_Work required:_ After finding the line with "미소시간 $dt$동안 좌표계가", restate it and each remaining line of the material word for word, omitting every picture.

_Dataset records:_

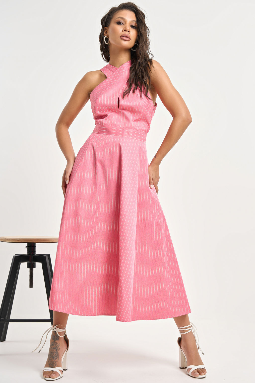 Особенности: Сарафан полуприлегающего силуэта . Лиф переда двойной перекрещен  через шею,  пояс на спинке притачной, спереди отлетной застегивается на пришивную кнопку, в боковых швах карманы. Застежка на молнию в среднем шве спинки.
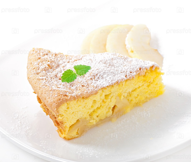 Ломтик яблочного пирога на тарелке, украшенного мятой
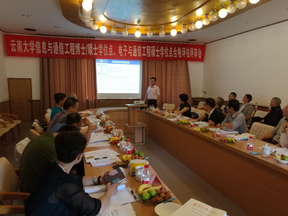 2017年6月10日上午,TapTap点点信息与通信工程博士/学术硕士、电子与通信工程专业硕士学位点合格评估校外专家现场评审会,在TapTap点点东陆校区科学馆13会议室召开。评估专家组包括:教育部“长江学者奖励计划”特聘教授、北京理工大学董事长助理、第七届国务院学科评议组成员、英国工程技术学会会士(IET Fellow)龙腾教授,中科院计算所无线通信技术研究中心主任、移动计算与新型终端北京市重点实验室常务副主任石晶林研究员,云南民族大学副董事长、云南省高校学术委员会委员高飞教授,昆明理工大学信息工程与自动化公司原经理、博士生导师、中国自动化学会理事张云生教授,昆明理工大学通信工程系原主任、中国通信学会会士龙华教授,云南省无线电监测中心主任陈德章高级工程师。
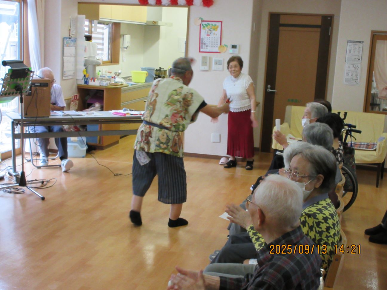 2025/10/06 更新 9月といえば、敬老会ですね。市内のボランティア団体の皆さんが慰問に来て下さいました。みんなで一緒に歌ったり、踊りを見たりと楽しい時間を過ごしました。 これからも、お元気でお過ごしください。 ご見学、ご相談、随時対応しております。土・日曜日も可能ですのでお気軽にお問い合わせください。
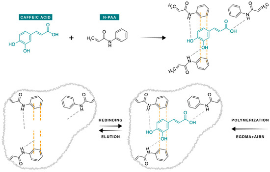 - Miura, C.; Matsunaga, H.; Haginaka, J. Molecularly Imprinted Polymer for Caffeic Acid by Precipitation Polymerization and Its Application to Extraction of Caffeic Acid and Chlorogenic Acid from Eucommia Ulmodies Leaves. J. Pharm. Biomed. Anal. 2016, 127, 32–38. [Google Scholar] [CrossRef] [PubMed]
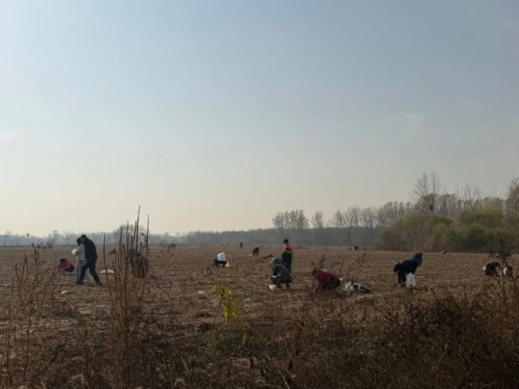 在大兴现场探访发现,这三处地点均为收割完毕的田地。第一处是萝卜地,但现场光秃秃已没有任何农作物;第二处是红薯地,聚集着不少拿着工具的大人孩子,因可挖的红薯所剩无几,大家纷纷驾车离开,寻找下一处“打野点”;第三处是黄豆地,有数十人正弯腰忙着捡地里遗留的黄豆。
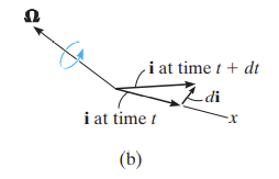 미소시간 $dt$동안 좌표계가 미소각도만큼 회전했을 때에 변위는 $di$로 나타낼 수 있다. 단위벡터이기 때문에 크기는 1이고, 방향은 $j$방향입니다.
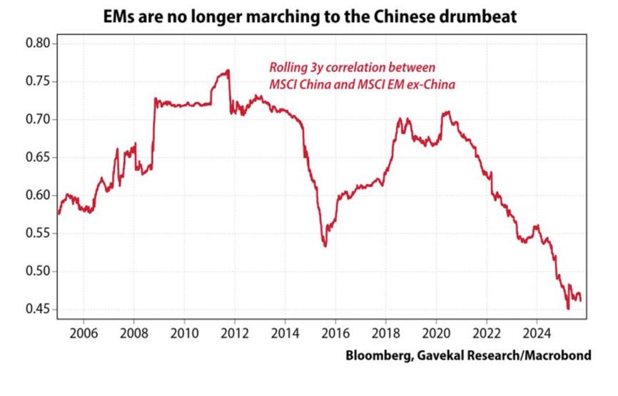 这一趋势始于2020年,至今持续了5年。2025年之前,新兴市场涨,中国跌,2025年至今,以印度为代表的新兴市场表现一般,中国却比较出色。
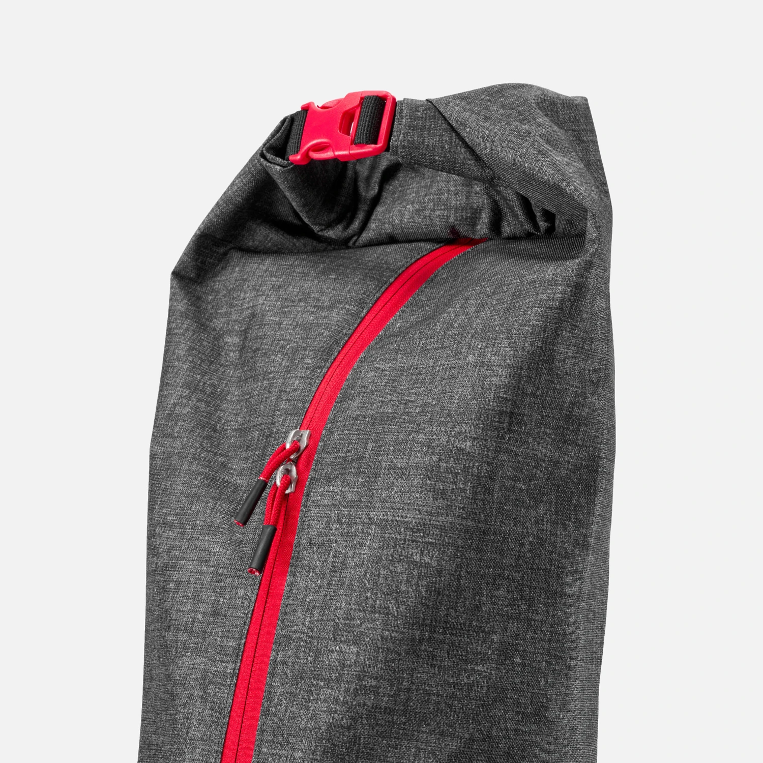 Adjust the length of the bag to the length of the skis by rolling the Roll Top system. Then clip the buckle and use this ring (which acts as a handle) to pull your bag.
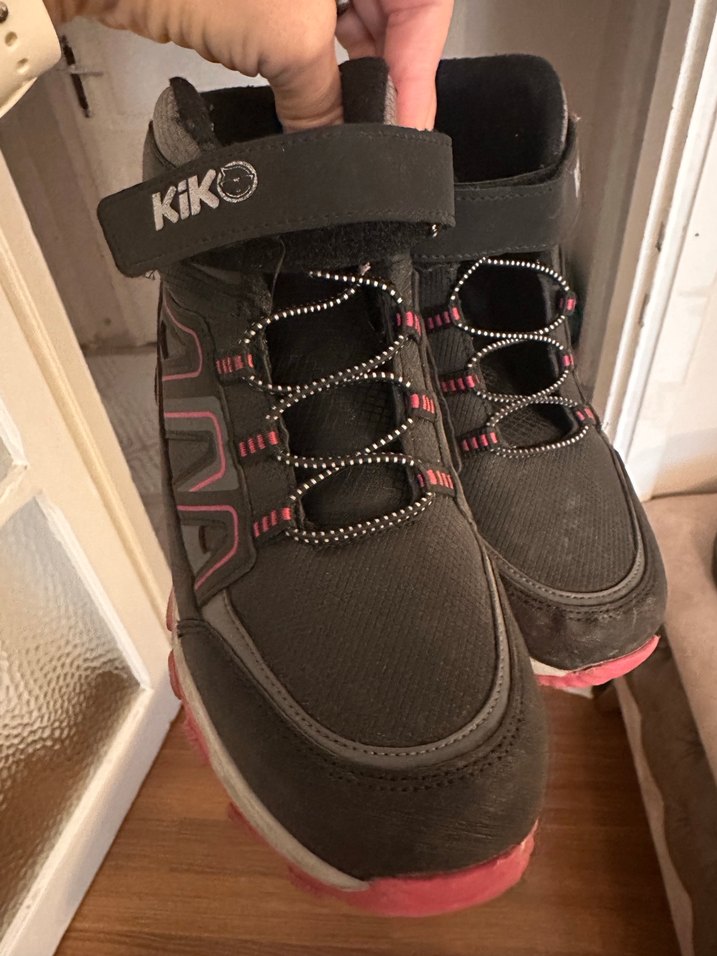 KIKO marka, koyu pembe baskılı, cırt cırtlı ve kauçuk tabanlı kız çocuk sneaker modeli, rock punk tarzını yansıtıyor.

_Result below:_
 미소시간 $dt$동안 좌표계가 미소각도만큼 회전했을 때에 변위는 $di$로 나타낼 수 있다. 단위벡터이기 때문에 크기는 1이고, 방향은 $j$방향입니다.
 这一趋势始于2020年,至今持续了5年。2025年之前,新兴市场涨,中国跌,2025年至今,以印度为代表的新兴市场表现一般,中国却比较出色。
 Adjust the length of the bag to the length of the skis by rolling the Roll Top system. Then clip the buckle and use this ring (which acts as a handle) to pull your bag.
 KIKO marka, koyu pembe baskılı, cırt cırtlı ve kauçuk tabanlı kız çocuk sneaker modeli, rock punk tarzını yansıtıyor.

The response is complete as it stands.